Corrupted cached files can cause the sync engine to crash. Exit OneDrive completely by right-clicking the system tray icon and selecting Quit OneDrive. Open File Explorer and navigate to %localappdata%\Microsoft\OneDrive. Delete the settings folder. Restart OneDrive and sign in again. This resets all cached metadata and forces a full re-sync.

Network proxy or firewall blocks metadata requests

Corporate proxies or firewalls sometimes block the specific URLs OneDrive uses for shared library metadata. Verify that the following URLs are allowed: onedrive.live.com and all subdomains, sharepoint.com and all subdomains, and files.1drv.com and all subdomains. Contact your network administrator to confirm these are not filtered. After unblocking, restart OneDrive.

Files On-Demand vs Always Keep on This Device: Key Differences for Shared Libraries

Item Files On-Demand Always Keep on This Device
Description Placeholders only; files download on demand All files downloaded and stored locally
Network dependency Requires constant connection for metadata Requires initial download only
Disk space usage Minimal Full file size
Best for slow networks Not recommended — pending status common Recommended — avoids metadata timeouts
Sync speed after initial download Slower for each file access Faster for local file access

On a slow network, Always keep on this device is the more reliable choice for shared libraries. It eliminates the metadata request overhead that causes the pending status. Switch back to Files On-Demand only after the network connection improves.

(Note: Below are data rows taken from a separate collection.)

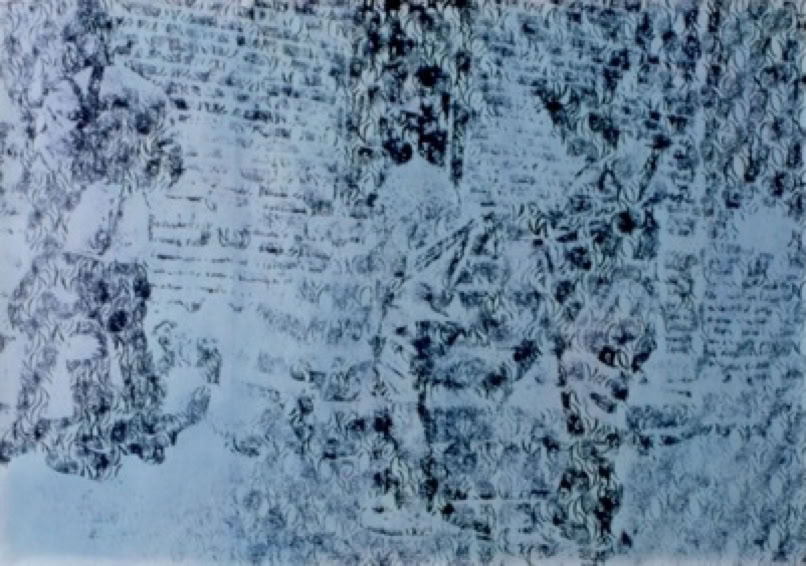 Le rouleau gravé de caoutchouc s’alimente de peinture et la réserve perpétuelle permet de légères variations de densité colorée, marquant de ses irrégularités le support sensible.
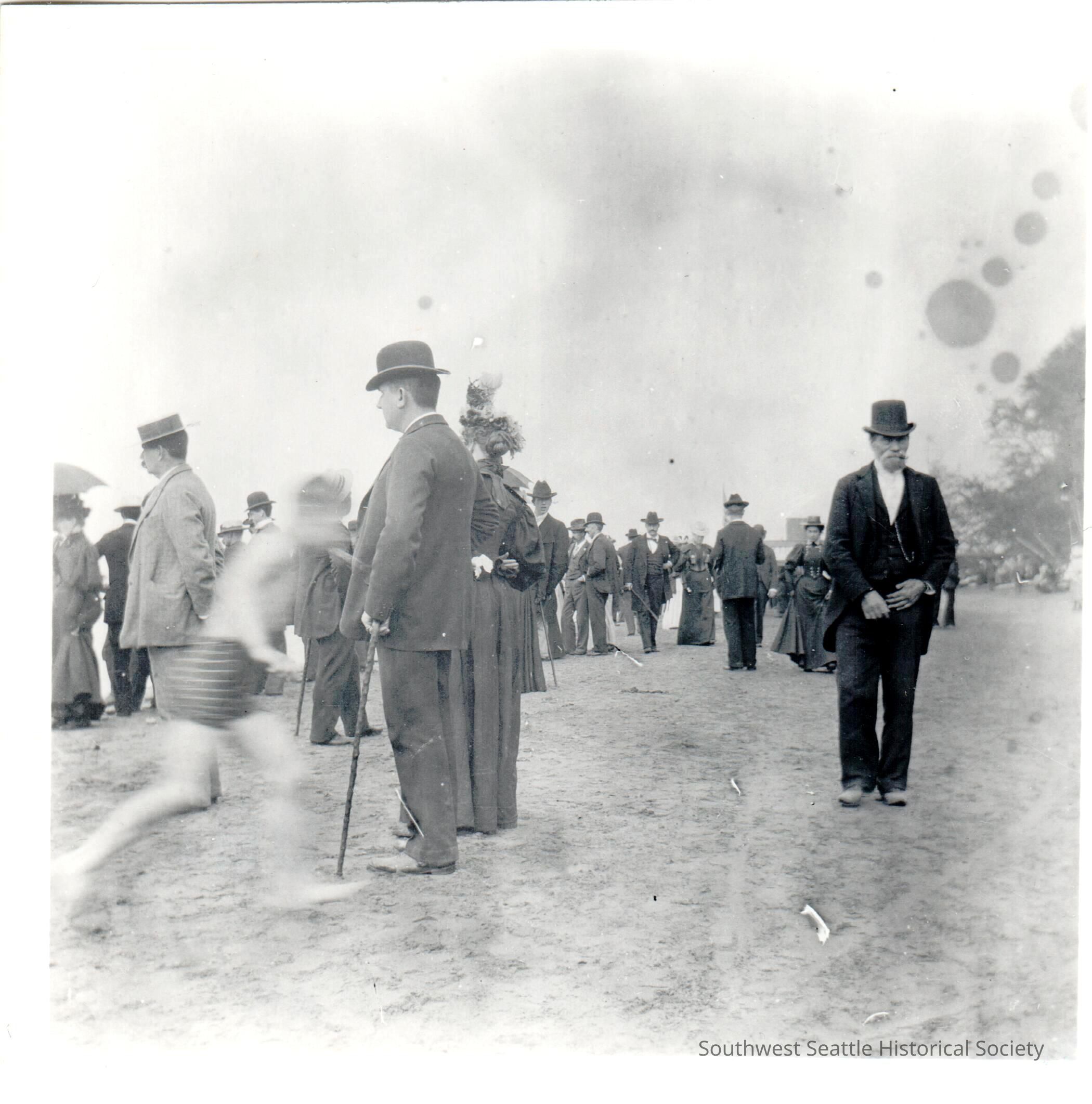 Photograph of a crowd of people dressed in street clothes standing on a beach. A child dressed only in shorts is quickly running through the foreground and is blurred as they are moving quickly.
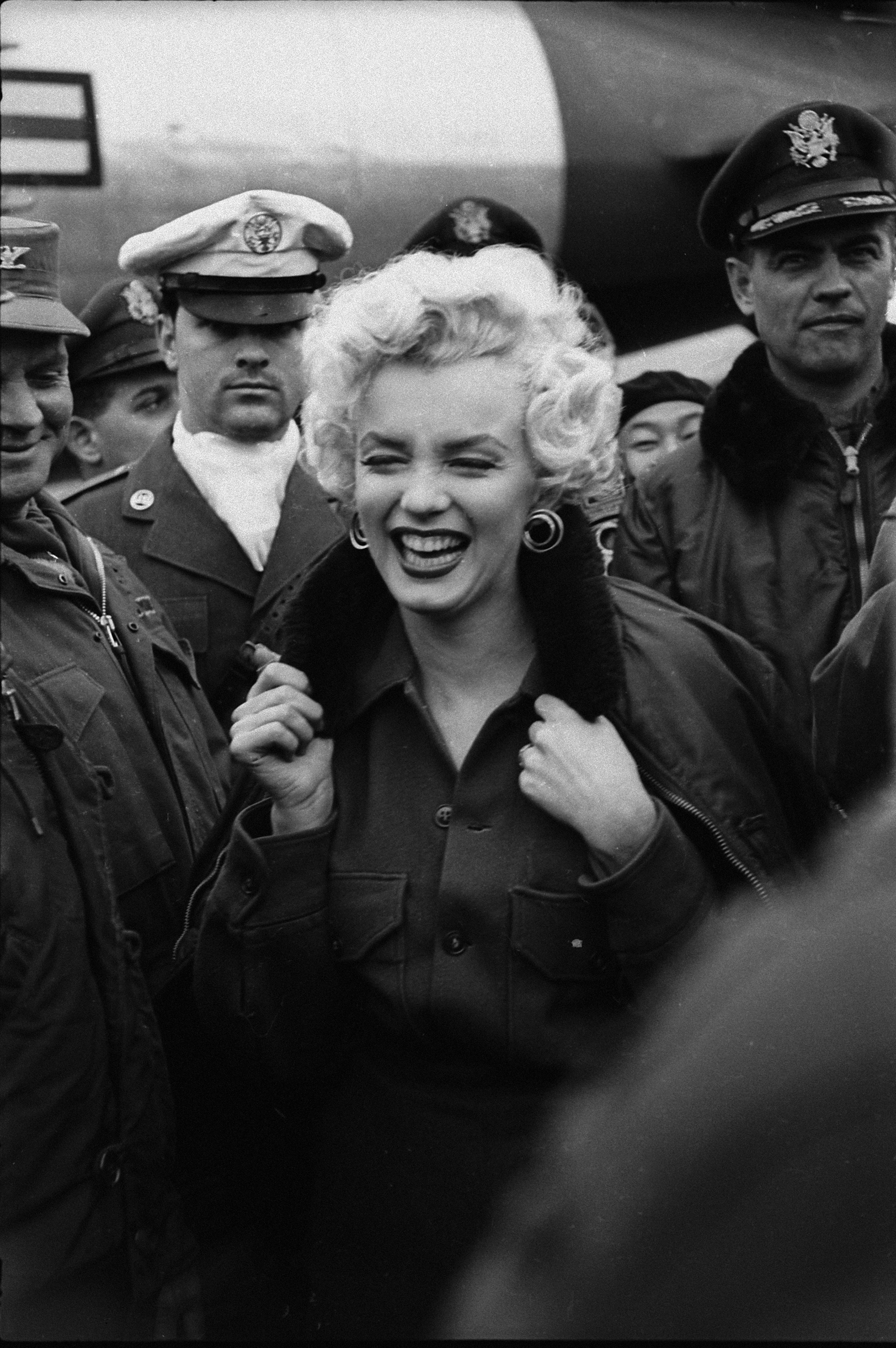 This photo of Marilyn Monroe was taken by Ted Russell in Seoul, Korea in 1954 when Monroe arrived at the Yongsan United States Army Garrison to entertain the troops.
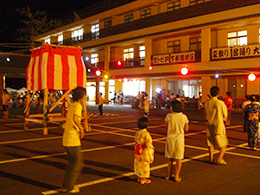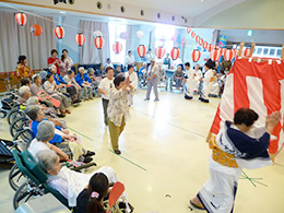 盆踊り(毎年8月) 地域の方々と一緒に、出店や盆踊りの雰囲気を味わい、楽しんでいただいています。 |

You can now resolve a shared library stuck on pending by throttling download speed, removing and re-adding the library, or disabling Files On-Demand. Start with the download rate limit setting in OneDrive preferences — it requires no file deletion and preserves your sync state. If the problem recurs, consider splitting large libraries into smaller units. As an advanced tip, use the Registry-based ThrottleTimeoutMs value to give slow connections up to 120 seconds per metadata request, which often resolves persistent pending status without removing the library.